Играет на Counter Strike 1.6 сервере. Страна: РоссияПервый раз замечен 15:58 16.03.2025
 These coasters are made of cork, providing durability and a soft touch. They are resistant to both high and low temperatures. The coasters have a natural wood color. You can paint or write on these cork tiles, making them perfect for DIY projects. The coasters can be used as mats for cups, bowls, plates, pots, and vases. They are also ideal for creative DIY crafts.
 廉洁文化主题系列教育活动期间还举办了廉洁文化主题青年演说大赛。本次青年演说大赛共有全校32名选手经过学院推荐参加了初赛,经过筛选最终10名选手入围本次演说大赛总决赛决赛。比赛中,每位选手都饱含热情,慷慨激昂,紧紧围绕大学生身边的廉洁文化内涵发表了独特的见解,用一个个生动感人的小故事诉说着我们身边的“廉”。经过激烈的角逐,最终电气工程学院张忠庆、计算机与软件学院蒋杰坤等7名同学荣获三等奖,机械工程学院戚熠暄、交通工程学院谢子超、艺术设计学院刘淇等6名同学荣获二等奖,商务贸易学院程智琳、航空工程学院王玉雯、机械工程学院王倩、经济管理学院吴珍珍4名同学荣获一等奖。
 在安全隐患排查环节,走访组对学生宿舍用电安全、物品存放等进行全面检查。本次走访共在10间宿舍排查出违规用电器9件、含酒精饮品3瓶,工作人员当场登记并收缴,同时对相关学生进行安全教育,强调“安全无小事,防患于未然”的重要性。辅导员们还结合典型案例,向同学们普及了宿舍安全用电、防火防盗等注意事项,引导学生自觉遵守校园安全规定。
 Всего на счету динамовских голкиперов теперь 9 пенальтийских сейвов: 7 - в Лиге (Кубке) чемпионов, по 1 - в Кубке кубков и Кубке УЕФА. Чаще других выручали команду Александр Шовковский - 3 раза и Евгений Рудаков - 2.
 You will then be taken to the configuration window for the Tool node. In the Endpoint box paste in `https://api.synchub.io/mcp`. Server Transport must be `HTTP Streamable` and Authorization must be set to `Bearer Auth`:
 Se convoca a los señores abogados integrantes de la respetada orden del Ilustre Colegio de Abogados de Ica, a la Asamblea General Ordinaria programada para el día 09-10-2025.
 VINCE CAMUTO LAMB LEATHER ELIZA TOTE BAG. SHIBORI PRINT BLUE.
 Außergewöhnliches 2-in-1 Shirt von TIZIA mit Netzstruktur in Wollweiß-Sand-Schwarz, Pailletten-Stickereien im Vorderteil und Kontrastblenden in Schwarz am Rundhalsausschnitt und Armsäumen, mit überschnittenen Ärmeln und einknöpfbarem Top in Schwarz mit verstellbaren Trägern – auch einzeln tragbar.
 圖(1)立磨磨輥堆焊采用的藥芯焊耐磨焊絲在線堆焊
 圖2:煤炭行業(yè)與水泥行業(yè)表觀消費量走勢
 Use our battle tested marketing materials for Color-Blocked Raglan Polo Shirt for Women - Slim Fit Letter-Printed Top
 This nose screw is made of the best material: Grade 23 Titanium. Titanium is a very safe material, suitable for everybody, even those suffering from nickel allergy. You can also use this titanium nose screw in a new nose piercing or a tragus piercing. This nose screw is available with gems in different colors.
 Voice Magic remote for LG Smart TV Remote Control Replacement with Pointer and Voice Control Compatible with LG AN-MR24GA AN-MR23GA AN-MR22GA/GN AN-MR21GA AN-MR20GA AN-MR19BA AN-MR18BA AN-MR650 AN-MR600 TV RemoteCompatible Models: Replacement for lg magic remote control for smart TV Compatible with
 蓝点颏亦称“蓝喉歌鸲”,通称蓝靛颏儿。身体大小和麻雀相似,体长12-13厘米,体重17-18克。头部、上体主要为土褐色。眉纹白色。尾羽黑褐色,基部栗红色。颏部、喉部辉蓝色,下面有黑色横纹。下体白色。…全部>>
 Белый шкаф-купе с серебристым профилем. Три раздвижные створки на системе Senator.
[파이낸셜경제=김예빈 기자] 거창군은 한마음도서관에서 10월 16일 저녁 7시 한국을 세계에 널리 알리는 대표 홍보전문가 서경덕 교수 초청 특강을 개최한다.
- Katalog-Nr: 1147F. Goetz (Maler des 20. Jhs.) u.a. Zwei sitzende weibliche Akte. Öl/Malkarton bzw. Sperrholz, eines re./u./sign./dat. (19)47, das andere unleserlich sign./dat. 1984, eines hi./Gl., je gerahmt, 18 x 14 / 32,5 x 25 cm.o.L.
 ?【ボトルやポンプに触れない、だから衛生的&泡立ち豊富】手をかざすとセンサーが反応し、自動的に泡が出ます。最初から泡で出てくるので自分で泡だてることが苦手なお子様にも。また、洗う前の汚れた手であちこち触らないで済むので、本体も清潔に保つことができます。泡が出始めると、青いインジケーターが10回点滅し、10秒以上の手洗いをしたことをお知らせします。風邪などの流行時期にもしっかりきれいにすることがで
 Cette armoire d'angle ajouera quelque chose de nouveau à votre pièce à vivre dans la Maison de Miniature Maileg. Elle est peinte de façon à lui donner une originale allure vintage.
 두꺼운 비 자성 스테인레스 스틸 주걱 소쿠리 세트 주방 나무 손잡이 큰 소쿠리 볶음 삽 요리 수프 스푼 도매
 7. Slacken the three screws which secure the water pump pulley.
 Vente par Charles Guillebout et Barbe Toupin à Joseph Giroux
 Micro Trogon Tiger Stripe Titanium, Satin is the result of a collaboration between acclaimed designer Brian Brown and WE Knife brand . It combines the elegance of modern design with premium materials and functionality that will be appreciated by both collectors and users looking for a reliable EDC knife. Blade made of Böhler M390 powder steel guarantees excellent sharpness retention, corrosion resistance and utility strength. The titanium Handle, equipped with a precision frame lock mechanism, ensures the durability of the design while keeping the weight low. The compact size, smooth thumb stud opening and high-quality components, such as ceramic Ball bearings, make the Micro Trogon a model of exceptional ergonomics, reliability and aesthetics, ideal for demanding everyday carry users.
++++++++++++++++++++
WHAT TO WORK ON:
Could you retype every record above exactly as written?

RESPONSE AREA:
Играет на Counter Strike 1.6 сервере. Страна: РоссияПервый раз замечен 15:58 16.03.2025
 These coasters are made of cork, providing durability and a soft touch. They are resistant to both high and low temperatures. The coasters have a natural wood color. You can paint or write on these cork tiles, making them perfect for DIY projects. The coasters can be used as mats for cups, bowls, plates, pots, and vases. They are also ideal for creative DIY crafts.
 廉洁文化主题系列教育活动期间还举办了廉洁文化主题青年演说大赛。本次青年演说大赛共有全校32名选手经过学院推荐参加了初赛,经过筛选最终10名选手入围本次演说大赛总决赛决赛。比赛中,每位选手都饱含热情,慷慨激昂,紧紧围绕大学生身边的廉洁文化内涵发表了独特的见解,用一个个生动感人的小故事诉说着我们身边的“廉”。经过激烈的角逐,最终电气工程学院张忠庆、计算机与软件学院蒋杰坤等7名同学荣获三等奖,机械工程学院戚熠暄、交通工程学院谢子超、艺术设计学院刘淇等6名同学荣获二等奖,商务贸易学院程智琳、航空工程学院王玉雯、机械工程学院王倩、经济管理学院吴珍珍4名同学荣获一等奖。
 在安全隐患排查环节,走访组对学生宿舍用电安全、物品存放等进行全面检查。本次走访共在10间宿舍排查出违规用电器9件、含酒精饮品3瓶,工作人员当场登记并收缴,同时对相关学生进行安全教育,强调“安全无小事,防患于未然”的重要性。辅导员们还结合典型案例,向同学们普及了宿舍安全用电、防火防盗等注意事项,引导学生自觉遵守校园安全规定。
 Всего на счету динамовских голкиперов теперь 9 пенальтийских сейвов: 7 - в Лиге (Кубке) чемпионов, по 1 - в Кубке кубков и Кубке УЕФА. Чаще других выручали команду Александр Шовковский - 3 раза и Евгений Рудаков - 2.
 You will then be taken to the configuration window for the Tool node. In the Endpoint box paste in `https://api.synchub.io/mcp`. Server Transport must be `HTTP Streamable` and Authorization must be set to `Bearer Auth`:
 Se convoca a los señores abogados integrantes de la respetada orden del Ilustre Colegio de Abogados de Ica, a la Asamblea General Ordinaria programada para el día 09-10-2025.
 VINCE CAMUTO LAMB LEATHER ELIZA TOTE BAG. SHIBORI PRINT BLUE.
 Außergewöhnliches 2-in-1 Shirt von TIZIA mit Netzstruktur in Wollweiß-Sand-Schwarz, Pailletten-Stickereien im Vorderteil und Kontrastblenden in Schwarz am Rundhalsausschnitt und Armsäumen, mit überschnittenen Ärmeln und einknöpfbarem Top in Schwarz mit verstellbaren Trägern – auch einzeln tragbar.
 圖(1)立磨磨輥堆焊采用的藥芯焊耐磨焊絲在線堆焊
 圖2:煤炭行業(yè)與水泥行業(yè)表觀消費量走勢
 Use our battle tested marketing materials for Color-Blocked Raglan Polo Shirt for Women - Slim Fit Letter-Printed Top
 This nose screw is made of the best material: Grade 23 Titanium. Titanium is a very safe material, suitable for everybody, even those suffering from nickel allergy. You can also use this titanium nose screw in a new nose piercing or a tragus piercing. This nose screw is available with gems in different colors.
 Voice Magic remote for LG Smart TV Remote Control Replacement with Pointer and Voice Control Compatible with LG AN-MR24GA AN-MR23GA AN-MR22GA/GN AN-MR21GA AN-MR20GA AN-MR19BA AN-MR18BA AN-MR650 AN-MR600 TV RemoteCompatible Models: Replacement for lg magic remote control for smart TV Compatible with
 蓝点颏亦称“蓝喉歌鸲”,通称蓝靛颏儿。身体大小和麻雀相似,体长12-13厘米,体重17-18克。头部、上体主要为土褐色。眉纹白色。尾羽黑褐色,基部栗红色。颏部、喉部辉蓝色,下面有黑色横纹。下体白色。…全部>>
 Белый шкаф-купе с серебристым профилем. Три раздвижные створки на системе Senator.
[파이낸셜경제=김예빈 기자] 거창군은 한마음도서관에서 10월 16일 저녁 7시 한국을 세계에 널리 알리는 대표 홍보전문가 서경덕 교수 초청 특강을 개최한다.
- Katalog-Nr: 1147F. Goetz (Maler des 20. Jhs.) u.a. Zwei sitzende weibliche Akte. Öl/Malkarton bzw. Sperrholz, eines re./u./sign./dat. (19)47, das andere unleserlich sign./dat. 1984, eines hi./Gl., je gerahmt, 18 x 14 / 32,5 x 25 cm.o.L.
 ?【ボトルやポンプに触れない、だから衛生的&泡立ち豊富】手をかざすとセンサーが反応し、自動的に泡が出ます。最初から泡で出てくるので自分で泡だてることが苦手なお子様にも。また、洗う前の汚れた手であちこち触らないで済むので、本体も清潔に保つことができます。泡が出始めると、青いインジケーターが10回点滅し、10秒以上の手洗いをしたことをお知らせします。風邪などの流行時期にもしっかりきれいにすることがで
 Cette armoire d'angle ajouera quelque chose de nouveau à votre pièce à vivre dans la Maison de Miniature Maileg. Elle est peinte de façon à lui donner une originale allure vintage.
 두꺼운 비 자성 스테인레스 스틸 주걱 소쿠리 세트 주방 나무 손잡이 큰 소쿠리 볶음 삽 요리 수프 스푼 도매
 7. Slacken the three screws which secure the water pump pulley.
 Vente par Charles Guillebout et Barbe Toupin à Joseph Giroux
 Micro Trogon Tiger Stripe Titanium, Satin is the result of a collaboration between acclaimed designer Brian Brown and WE Knife brand . It combines the elegance of modern design with premium materials and functionality that will be appreciated by both collectors and users looking for a reliable EDC knife. Blade made of Böhler M390 powder steel guarantees excellent sharpness retention, corrosion resistance and utility strength. The titanium Handle, equipped with a precision frame lock mechanism, ensures the durability of the design while keeping the weight low. The compact size, smooth thumb stud opening and high-quality components, such as ceramic Ball bearings, make the Micro Trogon a model of exceptional ergonomics, reliability and aesthetics, ideal for demanding everyday carry users.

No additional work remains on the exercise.